### WORK ITEM
Copy out exactly the stretch below, from the line with "起笔时笔锋的方向正好和笔画行" through the line with "3. Escolha a", both included; the pictures stay out.
Start of SUPPLIED RECORDS
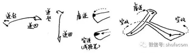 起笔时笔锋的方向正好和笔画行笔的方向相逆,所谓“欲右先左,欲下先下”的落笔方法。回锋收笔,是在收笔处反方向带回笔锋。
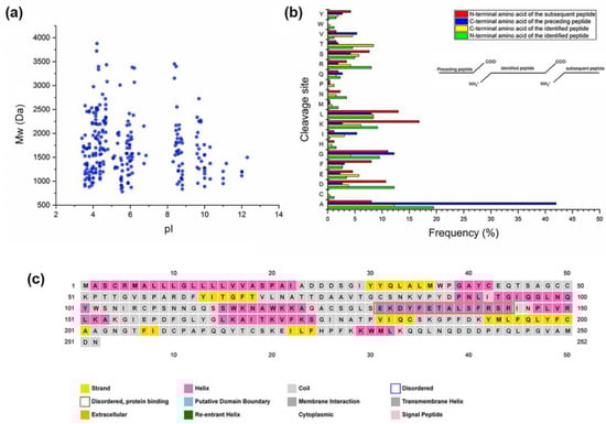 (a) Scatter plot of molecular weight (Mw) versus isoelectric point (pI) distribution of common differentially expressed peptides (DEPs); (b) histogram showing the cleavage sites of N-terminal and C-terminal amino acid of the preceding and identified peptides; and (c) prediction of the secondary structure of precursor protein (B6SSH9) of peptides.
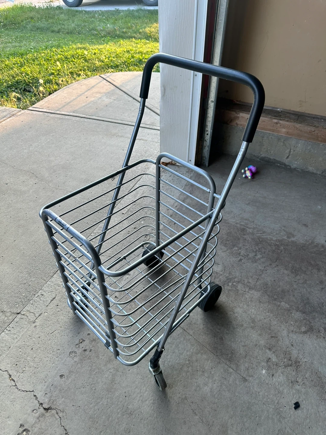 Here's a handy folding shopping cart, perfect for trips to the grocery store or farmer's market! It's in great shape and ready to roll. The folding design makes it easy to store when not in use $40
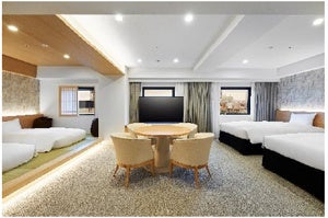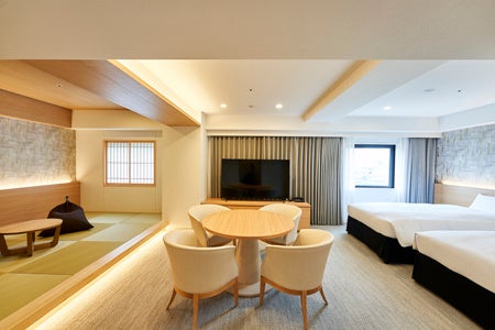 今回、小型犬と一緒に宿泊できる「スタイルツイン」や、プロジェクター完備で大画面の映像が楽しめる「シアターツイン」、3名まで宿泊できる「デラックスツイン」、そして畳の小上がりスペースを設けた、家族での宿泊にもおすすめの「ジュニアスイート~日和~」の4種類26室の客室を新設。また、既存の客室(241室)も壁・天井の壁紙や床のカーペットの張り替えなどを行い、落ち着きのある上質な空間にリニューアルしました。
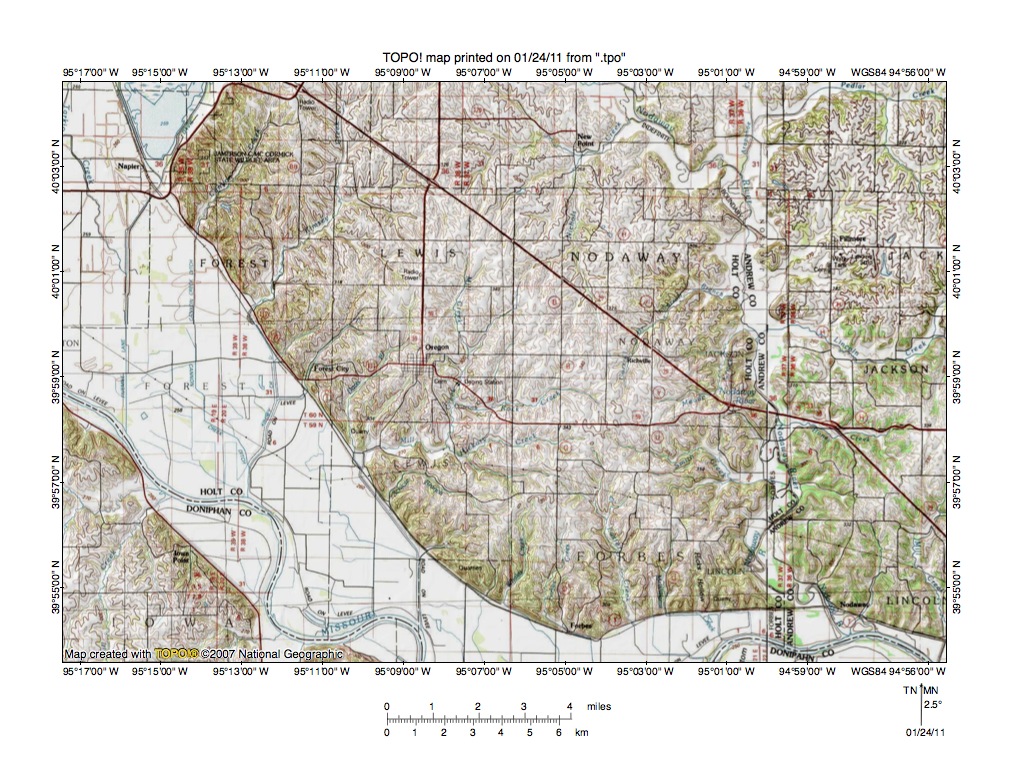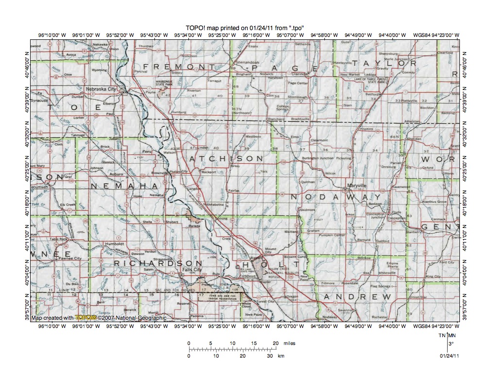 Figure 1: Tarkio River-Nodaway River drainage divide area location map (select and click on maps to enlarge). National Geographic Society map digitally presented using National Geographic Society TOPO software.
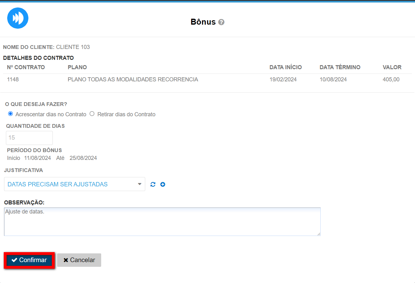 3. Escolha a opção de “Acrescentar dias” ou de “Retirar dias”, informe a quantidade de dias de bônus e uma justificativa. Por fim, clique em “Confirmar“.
End of SUPPLIED RECORDS
Start of SUPPLIED RECORDS
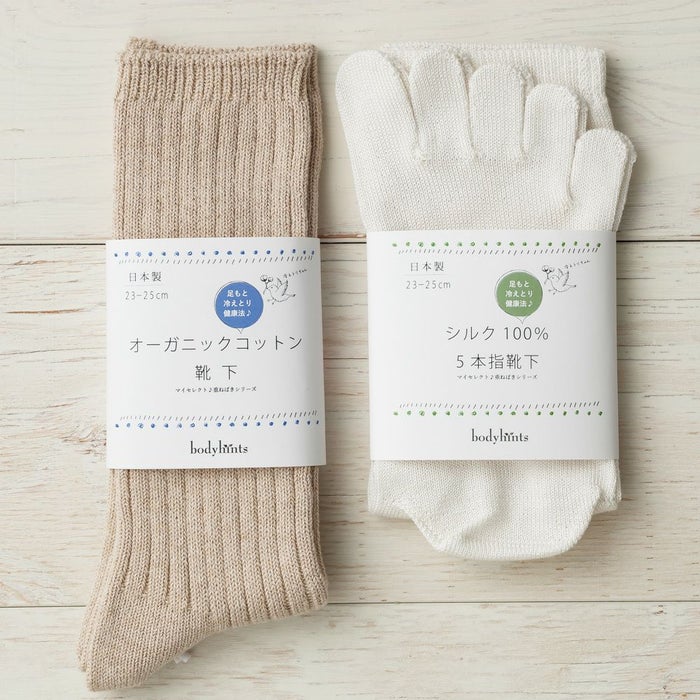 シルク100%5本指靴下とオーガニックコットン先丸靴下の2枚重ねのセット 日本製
End of SUPPLIED RECORDS
### SOLUTION FOR THIS EXERCISE
 起笔时笔锋的方向正好和笔画行笔的方向相逆,所谓“欲右先左,欲下先下”的落笔方法。回锋收笔,是在收笔处反方向带回笔锋。
 (a) Scatter plot of molecular weight (Mw) versus isoelectric point (pI) distribution of common differentially expressed peptides (DEPs); (b) histogram showing the cleavage sites of N-terminal and C-terminal amino acid of the preceding and identified peptides; and (c) prediction of the secondary structure of precursor protein (B6SSH9) of peptides.
 Here's a handy folding shopping cart, perfect for trips to the grocery store or farmer's market! It's in great shape and ready to roll. The folding design makes it easy to store when not in use $40
 今回、小型犬と一緒に宿泊できる「スタイルツイン」や、プロジェクター完備で大画面の映像が楽しめる「シアターツイン」、3名まで宿泊できる「デラックスツイン」、そして畳の小上がりスペースを設けた、家族での宿泊にもおすすめの「ジュニアスイート~日和~」の4種類26室の客室を新設。また、既存の客室(241室)も壁・天井の壁紙や床のカーペットの張り替えなどを行い、落ち着きのある上質な空間にリニューアルしました。
 Figure 1: Tarkio River-Nodaway River drainage divide area location map (select and click on maps to enlarge). National Geographic Society map digitally presented using National Geographic Society TOPO software.
 3. Escolha a opção de “Acrescentar dias” ou de “Retirar dias”, informe a quantidade de dias de bônus e uma justificativa. Por fim, clique em “Confirmar“.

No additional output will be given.